= Violet (ship) =

Violet was a ship used to deport Acadians from Île Saint-Jean (now Prince Edward Island) to France, as part of the Île Saint-Jean Campaign during the Seven Years' War. The ship sank in the North Atlantic on 12 December 1758, with the loss of 280–400 lives.

Violet was a ship of 315 tons and 8 cannons, under command of Captain Benjamin Suggit. Together with Duke William, John, Samuel, Neptune, , Yarmouth and another unknown ship, Violet was part of a fleet that left on 25 November from Port-LaJoye, Île Saint-Jean (now Prince Edward Island) for France. On board Violet were some 360 Acadian civilians.

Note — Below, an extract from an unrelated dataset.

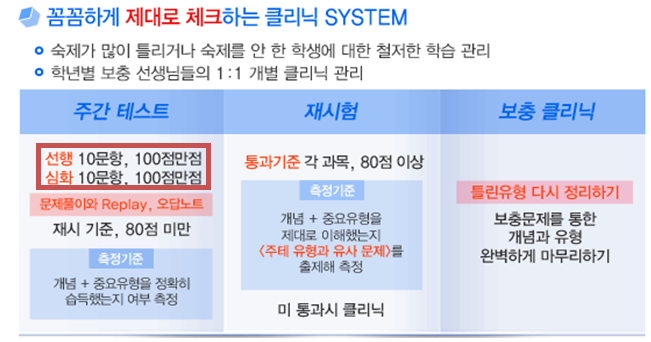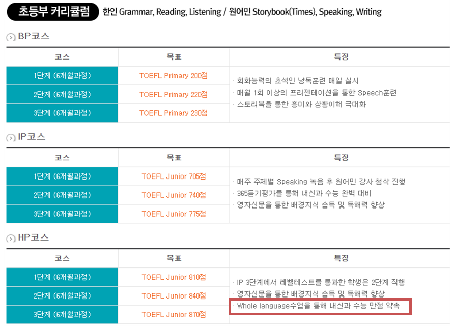 ▲ 영어 과목에서도 초등학생을 대상으로 “TOEFL 870점을 목표”로 하고, “수능 만점 약속”을 하는 수업을 광고하는 등 초선행 과정을 운영함.

A few days later, the fleet encountered a storm that dispersed the ships. Stormy weather continued for several weeks. On 10 December Duke William caught sight of Violet, and discovered that she was in difficulties, taking in water fast. Captain Suggit, upon re-establishing contact with Duke William, notified Captain Nichols that Violets pumps were clogged, and that they might sink before morning. Duke William set her three pumps aside as a precaution, but were unable to assist as she herself sprang a leak at 4 the next morning. Violet sank two days later, following a violent squall that lasted ten minutes, with all hands lost.

According to historian Earle Lockerby, 90 passengers had already died before from the appalling conditions on board. In the following days, Duke William and Ruby also foundered with great loss of life.